Евгений Мансуров - Психология творчества. Вневременная родословная таланта
• Именно в силу «переживания» Рене Декарт (1596–1650) занялся переустройством Шведской академии наук и учел пожелания своего высочайшего патрона, королевы Христины, чтобы обсуждение всех научных вопросов проводилось под председательством королевы и она же высказывала окончательное решение по спорным вопросам. «Вот она, чисто королевская задача!» – иронизировал по этому поводу англичанин Мэгеффи, приверженец парламентского стиля правления, как «многие сыны грубого Альбиона». Но отчаянных пересмешников было немного. Декарт, сын противоречивого 17-го века, жил и работал в такую эпоху, когда «король ученых «считался таковым только будучи «другом королей». По логике сопряжения «король – друг ученых» утверждался миф о просвещенном монархе: «Особы высокого происхождения не нуждаются в достижении зрелого возраста, чтобы превзойти ученостью и добродетелью прочих людей» (Р. Декарт).
• Отзвуком грядущего века может служить укор Николы Шамфора (1741–1794): «Было бы очень хорошо, если бы люди умели совмещать в себе такие противоположные свойства, как любовь к добродетели и равнодушие к общественному мнению, рвение к труду и равнодушие к славе…» (из записок «Максимы и мысли», Франция, 1794 г.). Однако «переживания» так и не стали пережитком даже три столетия спустя. Время как будто остановилось. Придворная дипломатия Рене Декарта по-прежнему современна. Погоня за высокими покровителями, чинами и наградами никогда не покажется излишней, пока имеется Влиятельный Патрон, ставший почетным членом Академии, а у Академика (он же Лауреат и Классик) не будет перспективы достичь положения Влиятельного Патрона.
Вот так в системе необщественного договора порой рождаются герои нашего времени! Согласно этой философии, факт как свидетельство действия считается таковым только после официального признания.

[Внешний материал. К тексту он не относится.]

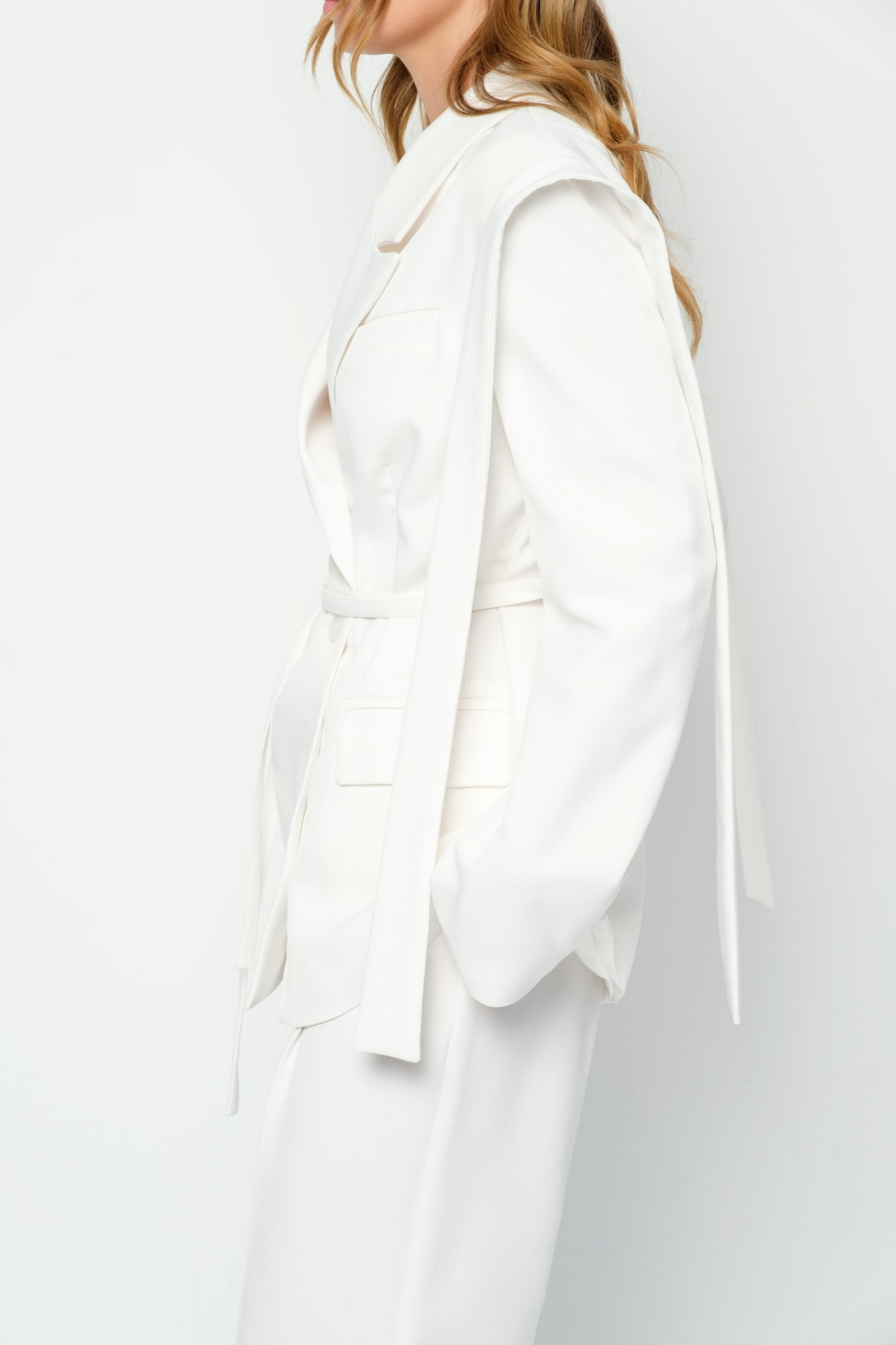 Текстильный свободный жакет с декором. Детали: жакет свободного покроя и полуприлегающего силуэта, двубортная застежка на петли и пуговицы, отрезные бочки, пиджачный воротник, функциональные карманы, съемный пояс. Жакет на подкладке.

Однако официальное признание не есть свидетельство неопровержимости факта. Чтобы скрыть противоречие, довести игру в факты до литературной виртуозности, «князь» и назначает «философа» придворным историографом («графом истории», как простодушно считал камердинер Н.М. Карамзина). Случай не такой уж и редкий. Невозможно как раз обратное: бесстрашные правдолюбцы летописей не пишут и при дворах долго не живут. Вот и Пьетро Аретино (1492–1556), охотно вступивший на службу сильным мира сего, не боялся обвинений в цинизме, когда откровенно писал: «Тем влиятельным особам, кто покупает славу, полагается оплачивать ее по настоящей цене. Цена же эта зависит не от их достоинств, а от доброй воли того, кто ее присуждает, ведь нашим бедным перьям («несчастные» императрицы, «бедные» создатели исторических повестей!. – Е.М.) нелегко подымать с земли имя, словно налитое свинцом за нехваткой доблестей у его обладателя». Историограф выступает здесь как действенный творец исторических событий и даже как лицо, само причастное к ходу истории – «наблюдатель «минут роковых» и собеседник крупнейших исторических деятелей своей эпохи, судья, а не только знаток веков минувших» (Ю. Лотман, 1987 г.). Очевидно, что на такую роль надобен недюжинный талант, чье перо способно преодолевать «сопротивляемость времени»…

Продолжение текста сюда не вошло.